With optimization disabled (the gcc default is -O0), intrinsics are often terrible. Anti-optimized -O0 code-gen for intrinsics usually hurts a lot (even more than for scalar), and some of the function-like intrinsics introduce extra store/reload overhead. Plus the extra store-forwarding latency of -O0 tends to hurt more because there's less ILP when you do things with 1 vector instead of 4 scalars.

Use gcc -march=native -O3

But even with optimization enabled, your code is still written to destroy the performance of SIMD by doing a horizontal add of each vector inside the loop. See How to Calculate Vector Dot Product Using SSE Intrinsic Functions in C for how to not do that: use _mm_add_ps to accumulate a __m128 total vector, and only horizontal sum it outside the loop.

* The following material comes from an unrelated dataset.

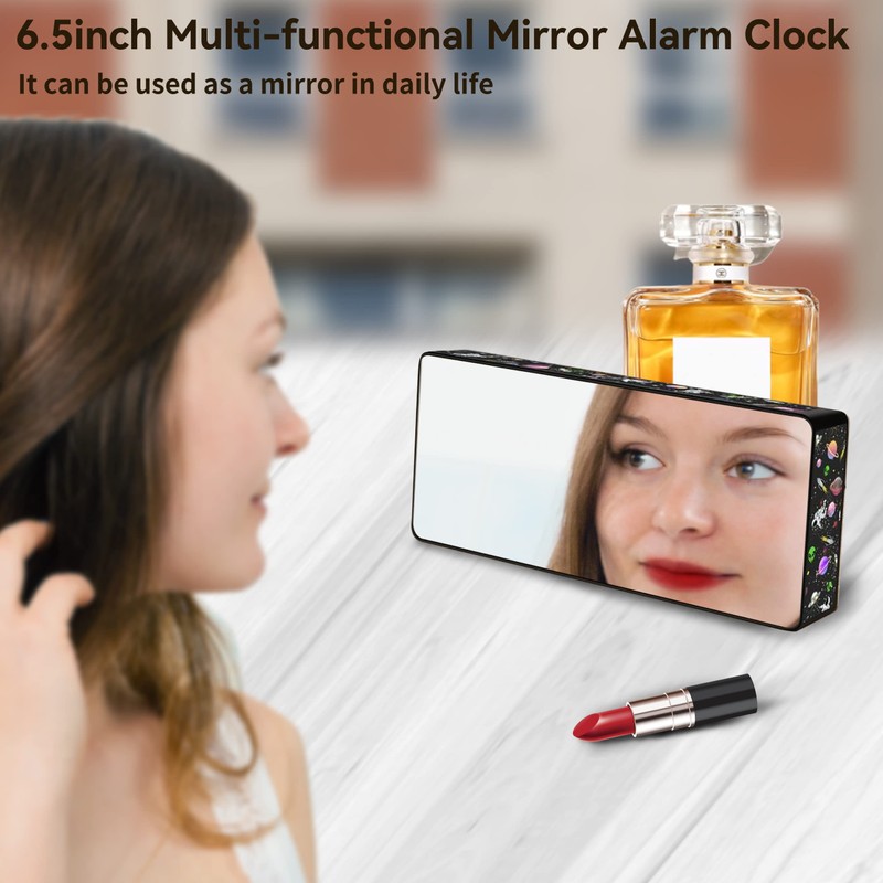 - 【LED Mirror & 5 Normal Display Modes】The Rainbow LED Digital Alarm Clock(SIZE:6.3IN*2.4IN*0.7IN)--- has a large mirror screen,which is easy to read number display and make up. You can adjust your state at any time in front of the modern clock. Multi-function clock for bedroom: clock mode, date mode, temperature mode, night mode, alarm mode.

You bottleneck your loop on FP-add latency by doing scalar total += inside the loop. That loop-carried dependency chain means your loop can't run any faster than 1 float per 4 cycles on your Skylake-derived microarchitecture where addss latency is 4 cycles. (https://agner.org/optimize/)

Even better than __m128 total, use 4 or 8 vectors to hide FP add latency, so your SIMD loop can bottleneck on mul/add (or FMA) throughput instead of latency.


Once you fix that, then as @harold points out the way you're using _mm_set_ps inside the loop will result in pretty bad asm from the compiler. It's not a good choice inside a loop when the operands aren't constants, or at least loop-invariant.

Your example here is clearly artificial; normally you'd be loading SIMD vectors from memory. But if you did need to update a loop counter in a __m128 vector, you might use tmp = _mm_add_ps(tmp, _mm_set_ps(1.0, 0, 0, 0)). Or unroll with adding 1.0, 2.0, 3.0, and 4.0 so the loop-carried dependency is only the += 4.0 in the one element.

x + 0.0 is the identity operation even for FP (except maybe with signed zero) so you can do it to the other elements without changing them.

Or for the low element of a vector, you can use _mm_add_ss (scalar) to only modify it.